Kirschner agreed that with the changing features, interactions and cultures around the social platforms, player personalities are coming to the forefront more on social media. They’re getting more comfortable with social, and their compelling voices connect with audiences there.
Sponsorship Is a Big Piece of the Puzzle
For each of the panelists, sponsor campaigns figure prominently in what their teams are doing. They discussed how they strike a delicate balance between authenticity and fulfilling sponsor obligations.
Genecov said her team has a lot of big campaigns sponsored. She works with her sponsor team to find partners that make sense for particular content. Gayer posited that a campaign with a sponsor attached doesn’t necessarily impact the campaign goal. He thinks about how they can use sponsorships to do things they haven’t done before, such as build new series. His team fits their sponsors into the storytelling, so it’s an authentic experience for both parties. And Brown noted his team strives to make high-quality sponsor content, fitting it into various campaigns and event elements.
Final Thoughts: Inspiration, Success Measures and Looking Ahead
The panelists agreed they look to each other with admiration — for inspiration and to understand what is resonating and not with fans. And they apply those lessons to fit their own brand, strategies and voice.

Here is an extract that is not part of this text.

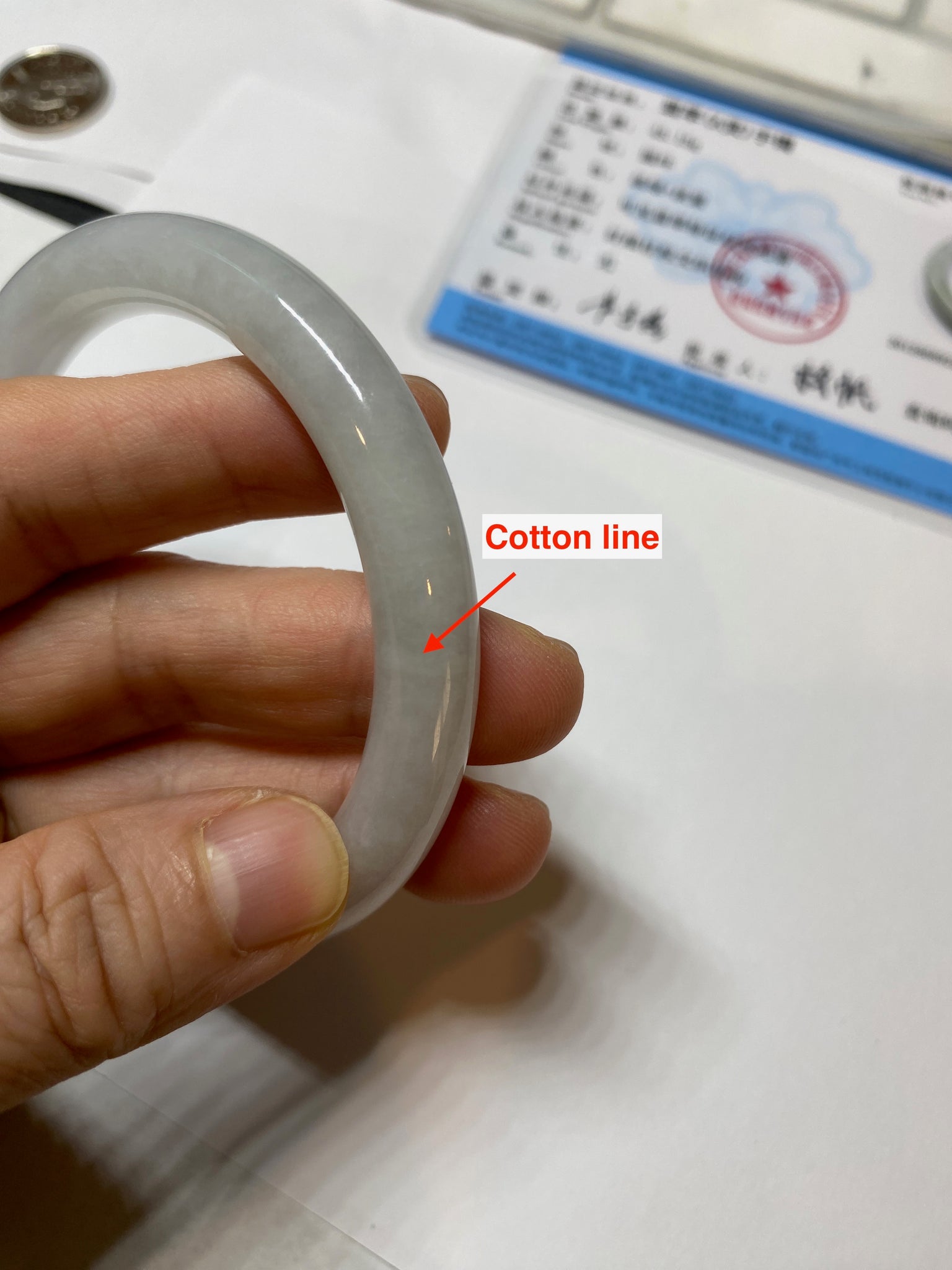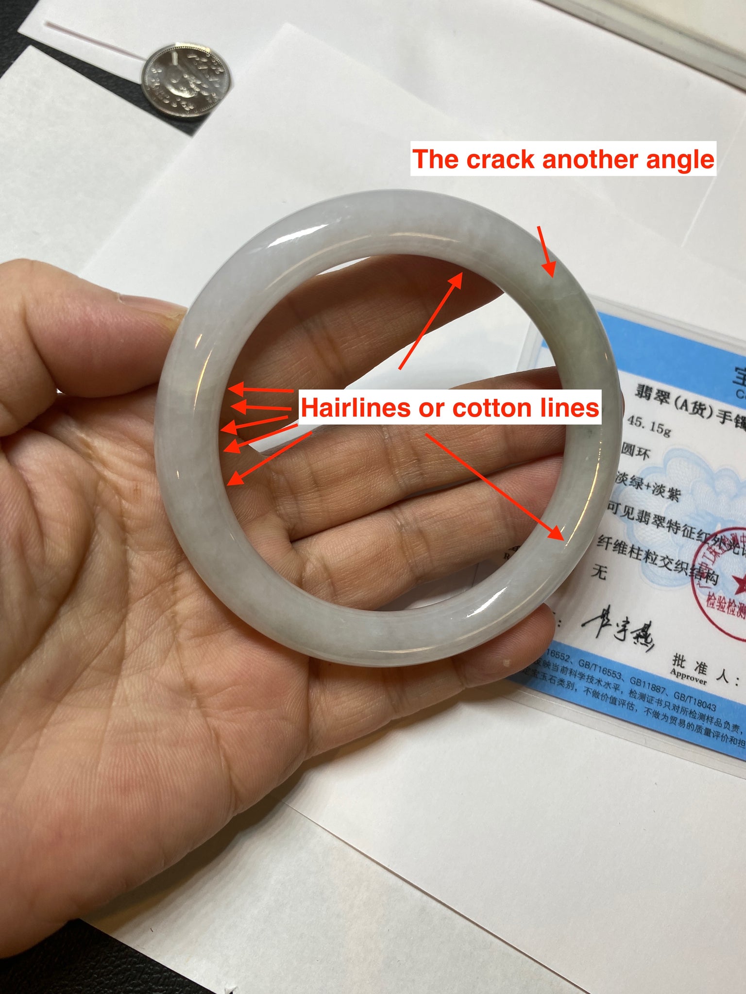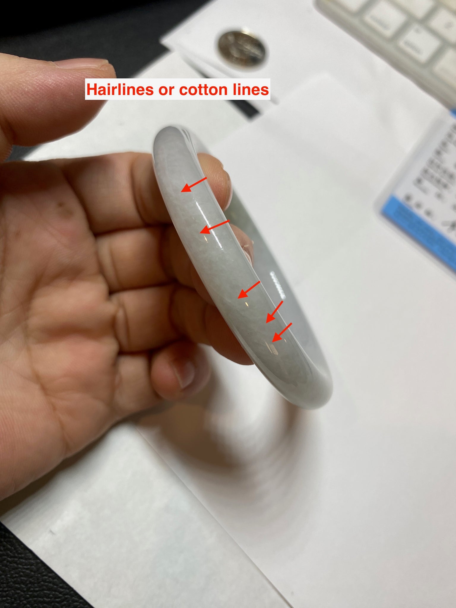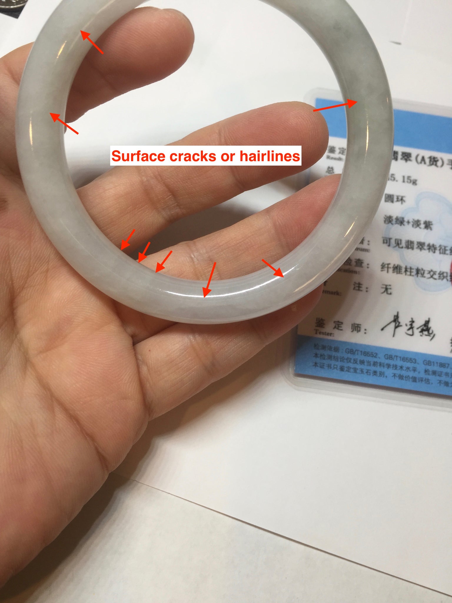 Some surface cracks with very tiny amount of wax. The bangle is solid(Guaranteed). Make high pitch sound when tapped. Some small rough surfaces/rough spots may with fissures or scratches. Some hairlines, cotton lines, cotton spots, and cotton areas. The purple is super light. lighter than in the photos due to the purple color always more camera friendly.

In terms of how they deem a social post successful, audience social comments and replies and content quality are among the filters they use to gauge performance.
Finally, the executives touched on their goals and focus areas ahead. These include elevating their content even further and breaking through media clutter with something new. And they’re preparing for future emerging platforms and what’s next in media and NBA fan engagement.